Much of the criticism of WS, it seems to me, is coming from people who put a high value on golf courses being, or seeming to be, natural. If you value naturalness in a course, then arriving at a property through flatlands to find large, obviously artificial mounds greeting you, then however good the golf course itself, there will be, somewhere deep in your brain, the perception that it isn't 'real'. Few projects have enough land or cash (or ambition) to continue the shaping right to the edge of the property. At Sand GC in Sweden, a Hills/Forrest course I saw two years ago, there were some really interesting holes on the interior; but I couldn't get out of my mind the images we saw on arrival, huge mounds rising starkly from the flats.
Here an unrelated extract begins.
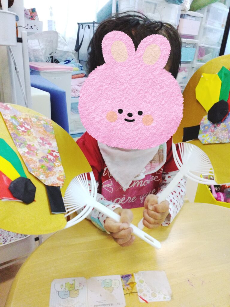 うちわで製作した羽子板と風船を使ってみんなで「羽子板遊び🎍」をしました😋🎍✨🎈
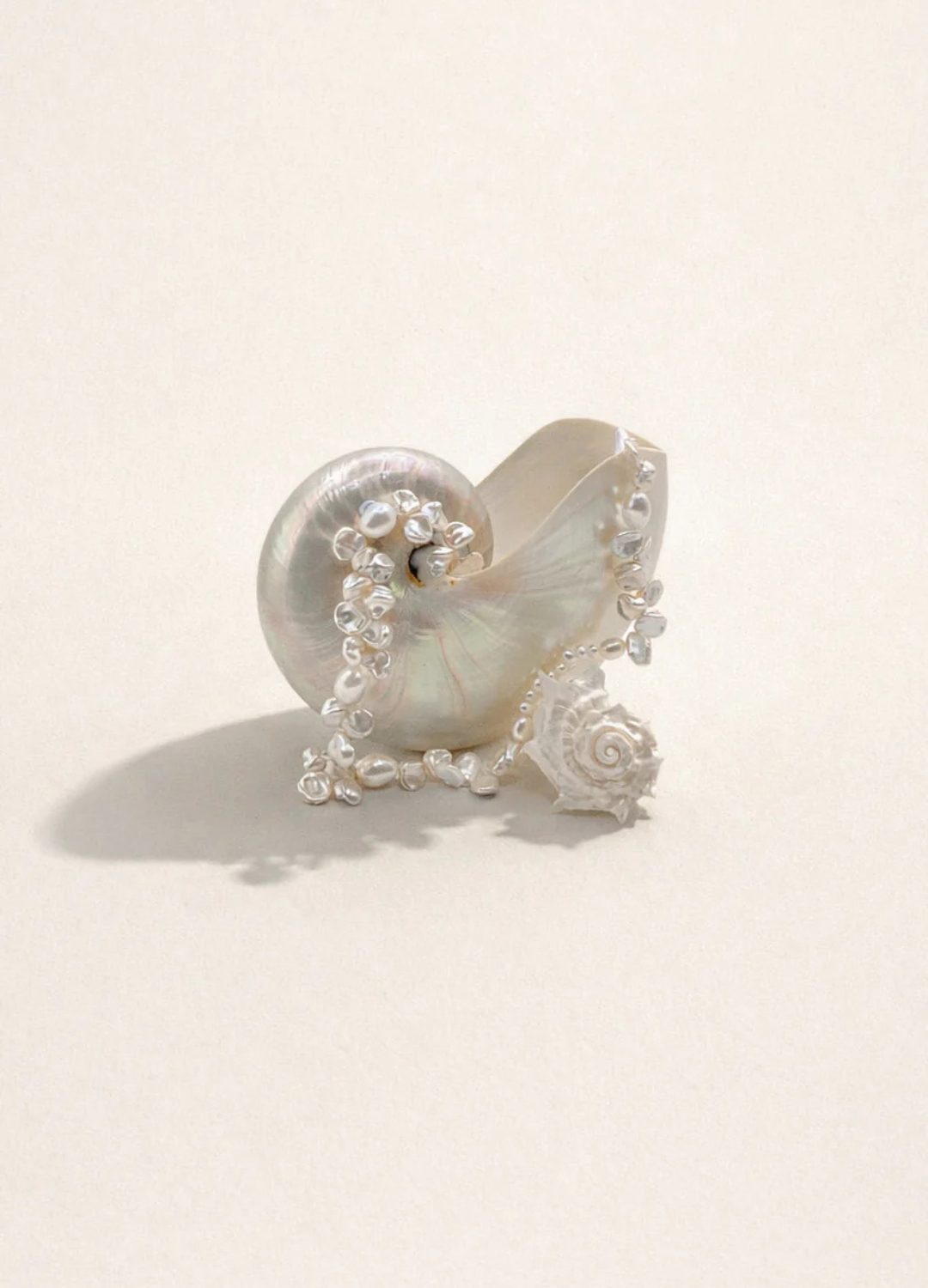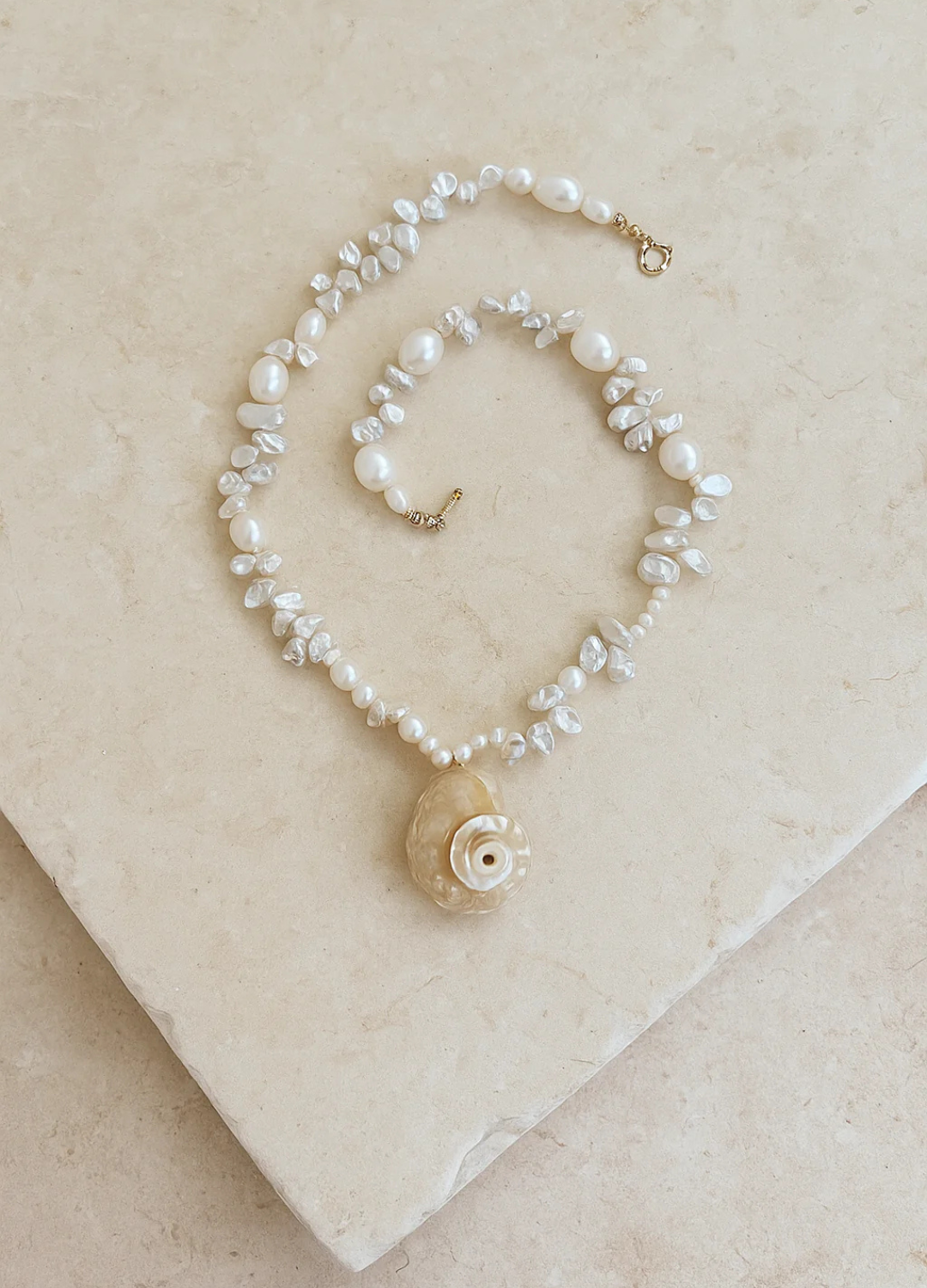 Each pendant forms naturally, its spiral recalling ocean-worn shells and weathered relics. The pearls shift in tone with the light, like water glinting over reef — no two ever the same.

It was obviously imposed on the land, and that didn't help my view of the course. At the Castle course in St Andrews, which in general, I really like, when you get to the top of the property, you see the farmland that surrounds it, and again, it brings home to you the artificiality. One of the things that Mike Nuzzo did so well at Wolf Point was to blend the course into the surrounding land by toning down the shaping on the outside edges (for those who've been there, I'm thinking especially of the left side of the third hole), although the shaping at WP is on a much smaller scale anyway. Kingsbarns does the natural thing better than most, but the way the course is terraced into decks to ensure that every hole has a water view brings home the degree of unnaturalness that's there.
There is nothing wrong with artifice per se. But if you try to mimic nature, then you shouldn't be surprised if people comment on where you have and haven't succeeded in doing so.